- _WHAT IS NEEDED_: Could you write out the listing below exactly as it stands, leaving out the pictures?

- _SOURCE RECORDS_:
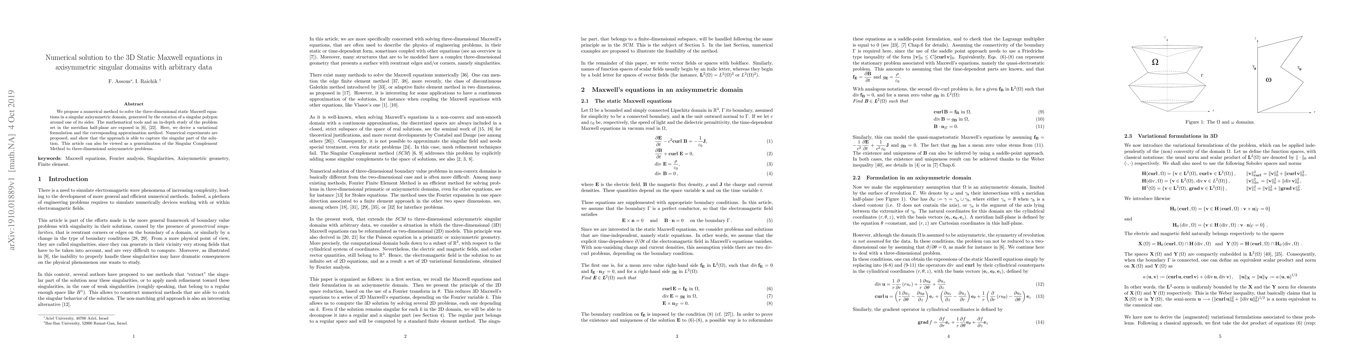 This research paper proposes a numerical method to solve 3D static Maxwell equations in axisymmetric singular domains with arbitrary data, capturing the singular part of the solution using a variational formulation.
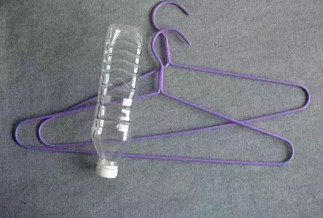 把两个晾衣架,分别插进剪好的塑料瓶缝隙里即可。
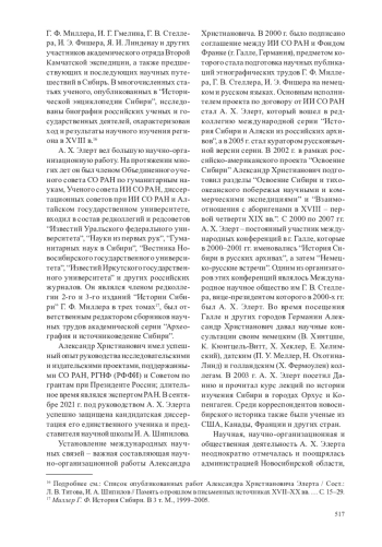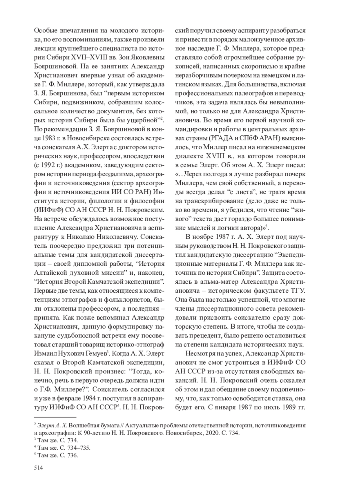 26 ноября 2022 г. не стало Александра Христиановича Элерта – выдающегося ученого, ведущего специалиста в области истории Сибири XVII–XVIII вв., российских академических экспедиций XVIII в., археографии и источниковедения отечественной истории, исторической этнографии и лингвистики коренных народов Сибири. Широкую известность и признание российского и мирового научного сообщества А. Х. Элерт получил благодаря миллероведению – введению в оборот и системному анализу исторических, этнографических, лингвистических, археологических, географических, трудов и материалов комплексного характера из богатейшего научного наследия академика Г. Ф. Миллера, полученных им в ходе и по результатам Второй Камчатской экспедиции (1733–1743) и имеющих фундаментальное значение для истории российской науки и ее отдельных дисциплин.
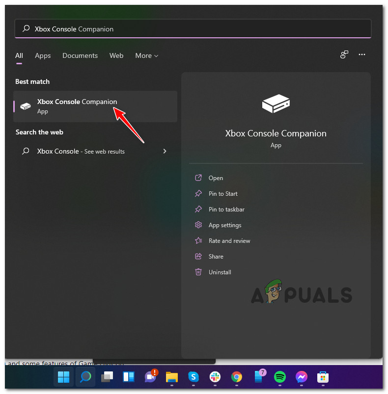- On your PC, access the Xbox Console companion app by pressing the Windows key and searching for ‘Xbox Console’.
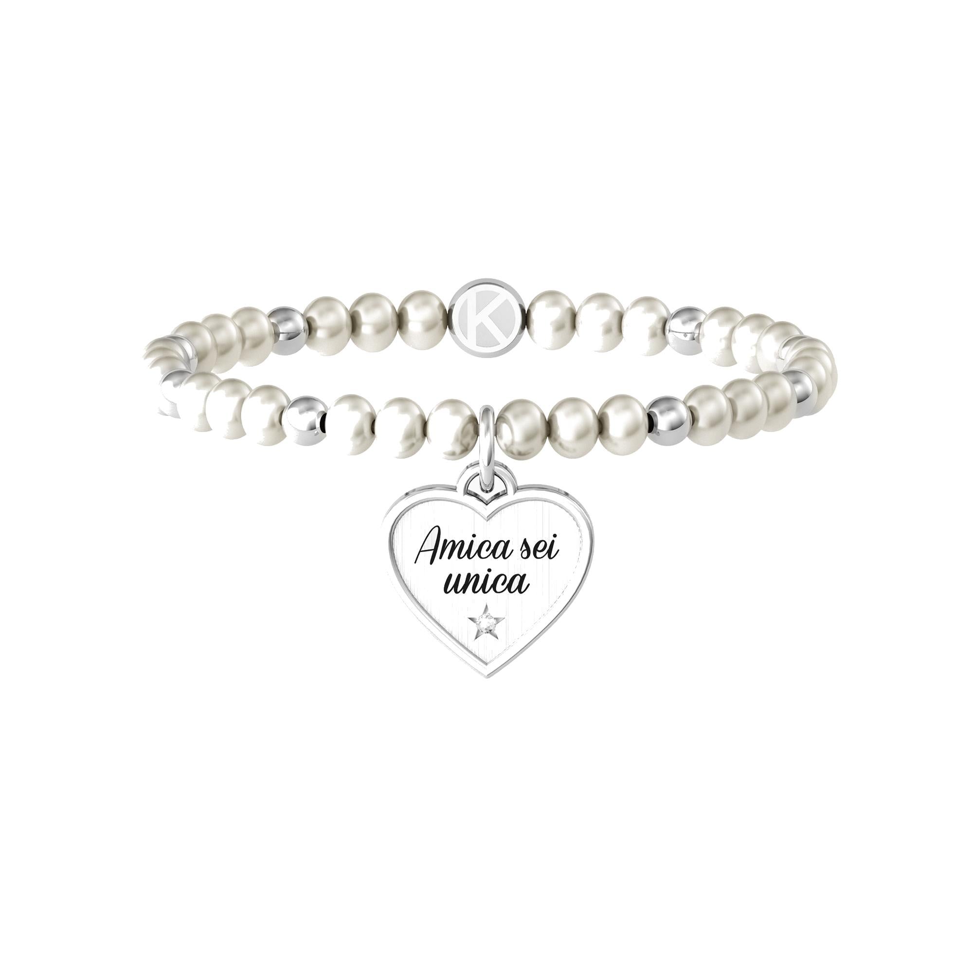 Scopri il Bracciale Kidult amica con perle e ciondolo cuore. Realizzati con materiali di prima scelta tra acciaio 316L, perle coltivate e un cristallo dal diametro di 1.5mm, questi bracciali sono un regalo perfetto. Il ciondolo cuore ha 17x17,5mm di dimensioni, le perle hanno un diametro di 5/5,5mm e la circonferenza della misura unica è di 18 cm.
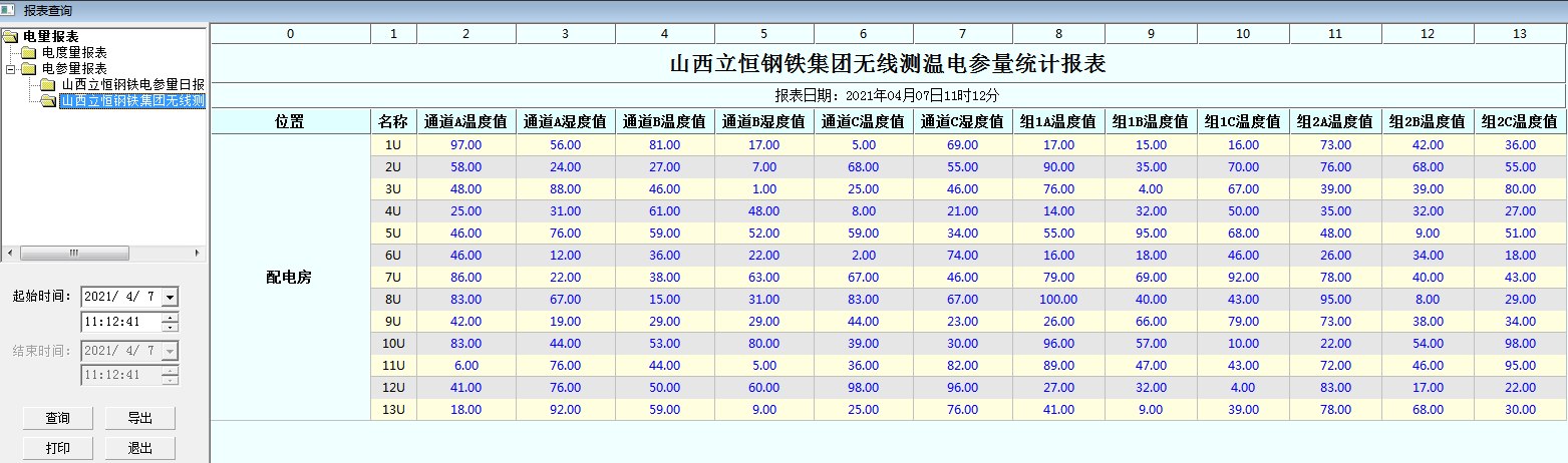 3)运行报表:查询及打印各测温点时间的温度数据。

- _TASK ANSWER_:
 This research paper proposes a numerical method to solve 3D static Maxwell equations in axisymmetric singular domains with arbitrary data, capturing the singular part of the solution using a variational formulation.
 把两个晾衣架,分别插进剪好的塑料瓶缝隙里即可。
 26 ноября 2022 г. не стало Александра Христиановича Элерта – выдающегося ученого, ведущего специалиста в области истории Сибири XVII–XVIII вв., российских академических экспедиций XVIII в., археографии и источниковедения отечественной истории, исторической этнографии и лингвистики коренных народов Сибири. Широкую известность и признание российского и мирового научного сообщества А. Х. Элерт получил благодаря миллероведению – введению в оборот и системному анализу исторических, этнографических, лингвистических, археологических, географических, трудов и материалов комплексного характера из богатейшего научного наследия академика Г. Ф. Миллера, полученных им в ходе и по результатам Второй Камчатской экспедиции (1733–1743) и имеющих фундаментальное значение для истории российской науки и ее отдельных дисциплин.
- On your PC, access the Xbox Console companion app by pressing the Windows key and searching for ‘Xbox Console’.
 Scopri il Bracciale Kidult amica con perle e ciondolo cuore. Realizzati con materiali di prima scelta tra acciaio 316L, perle coltivate e un cristallo dal diametro di 1.5mm, questi bracciali sono un regalo perfetto. Il ciondolo cuore ha 17x17,5mm di dimensioni, le perle hanno un diametro di 5/5,5mm e la circonferenza della misura unica è di 18 cm.
 3)运行报表:查询及打印各测温点时间的温度数据。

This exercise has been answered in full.